Eleştirilerin odak noktasındaki birkaç noktaya dikkat çekmek isterim. Zaman-mekan-insan algısı üzerine teoremleri kendince bazı filmlerine aktarmaya çalışan Nolan bu filmde hem dünyanın kötü gidişatının altını çiziyor hem de kader olgusu üzerine çok net olmasa da bir şeyler söylemek istiyor. İnsana ve dünyaya dair felsefi düşünceleri bilimsel teorilerle parlatmaya çalışırken bir yandan da seyirciyi sıkmayan ve aksiyon sinemasının inceliklerini de ustaca kullanan bir anlatım yolu seçiyor. Ancak bu filmde işte bu iki olguyu tek potada eritmeye çalışırken sanki biraz bocalamış gibi duruyor. Filmin bazı noktalarında inandırıcılık sorunları olduğu gerçek. Örneğin başkarakterle Kat arasındaki ilişkinin derinliği seyirciyi ne kadar ikna ediyor? Filmde de açıklanmaya çalışılan büyükbaba paradoksunu mantıksal alt yapı olarak kullanmasına rağmen gelecekten geçmişi değiştirmek hatta yok etmek üzere gönderilen cisimlerin ve insanların gerekçesini seyirciye nasıl yansıtıyor? Kanımca çok da parlak olmayan cast seçimi (Kenneth Branagh hariç, onu çok beğendim) seyirciyi ne kadar tatmin ediyor?

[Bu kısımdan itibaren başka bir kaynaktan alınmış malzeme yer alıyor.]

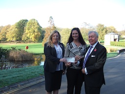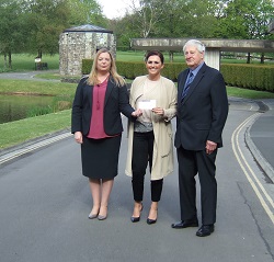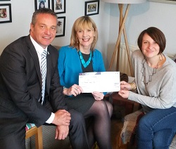 Rachel Deaville presents a cheque to Katie Tams of the Donna Louise Trust, Tree Tops Hospice. Chris Belyavin looks on.

Sanırım bu filme şu şekilde yaklaşmak lazım. Nolan'ın ya da herhangi bir yönetmenin her filminin bir başyapıt olmasını beklemek hata olur. Pandemi döneminde sinemayla yeniden buluşmak, beyazperdede bir film izlemenin keyfini yeniden yaşamak ve kendini ana bırakıp aksiyon sinemasının tadını çıkarmaya çalışmak yeterli olacaktır. Zaten filmin başlarında bir kadın başkaraktere şöyle diyor; "Anlamaya çalışma, sadece yaşa..." Benden size son bir tavsiye, filmi IMAX salonlarında izleyin.